> ASSIGNMENT: Take the records below and retype them line by line, from the first line through the one containing "نلاحظ أنه وإن"; stop there.

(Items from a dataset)
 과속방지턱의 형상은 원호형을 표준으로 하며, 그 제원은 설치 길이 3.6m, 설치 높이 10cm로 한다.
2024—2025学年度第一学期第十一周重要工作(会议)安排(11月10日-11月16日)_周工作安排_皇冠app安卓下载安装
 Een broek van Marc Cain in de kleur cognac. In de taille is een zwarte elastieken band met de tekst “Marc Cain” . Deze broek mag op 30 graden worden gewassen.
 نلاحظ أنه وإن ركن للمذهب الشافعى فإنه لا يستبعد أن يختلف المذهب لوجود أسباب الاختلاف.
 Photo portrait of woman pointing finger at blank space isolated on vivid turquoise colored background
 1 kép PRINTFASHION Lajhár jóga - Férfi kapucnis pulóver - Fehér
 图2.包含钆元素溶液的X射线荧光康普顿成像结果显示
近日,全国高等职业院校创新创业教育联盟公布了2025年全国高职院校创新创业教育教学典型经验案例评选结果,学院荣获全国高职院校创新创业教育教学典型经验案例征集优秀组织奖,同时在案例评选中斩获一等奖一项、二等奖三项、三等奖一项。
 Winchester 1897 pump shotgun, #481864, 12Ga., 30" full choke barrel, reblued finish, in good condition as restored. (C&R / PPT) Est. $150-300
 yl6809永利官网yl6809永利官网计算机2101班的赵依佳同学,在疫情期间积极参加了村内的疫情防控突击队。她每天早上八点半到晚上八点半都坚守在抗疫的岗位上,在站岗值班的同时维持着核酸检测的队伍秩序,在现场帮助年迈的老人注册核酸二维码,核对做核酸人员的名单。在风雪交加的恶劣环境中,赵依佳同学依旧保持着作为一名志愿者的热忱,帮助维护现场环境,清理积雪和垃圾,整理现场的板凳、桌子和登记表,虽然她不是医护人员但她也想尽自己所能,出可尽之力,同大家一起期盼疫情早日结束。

> EXPECTED ANSWER:
 과속방지턱의 형상은 원호형을 표준으로 하며, 그 제원은 설치 길이 3.6m, 설치 높이 10cm로 한다.
2024—2025学年度第一学期第十一周重要工作(会议)安排(11月10日-11月16日)_周工作安排_皇冠app安卓下载安装
 Een broek van Marc Cain in de kleur cognac. In de taille is een zwarte elastieken band met de tekst “Marc Cain” . Deze broek mag op 30 graden worden gewassen.
 نلاحظ أنه وإن ركن للمذهب الشافعى فإنه لا يستبعد أن يختلف المذهب لوجود أسباب الاختلاف.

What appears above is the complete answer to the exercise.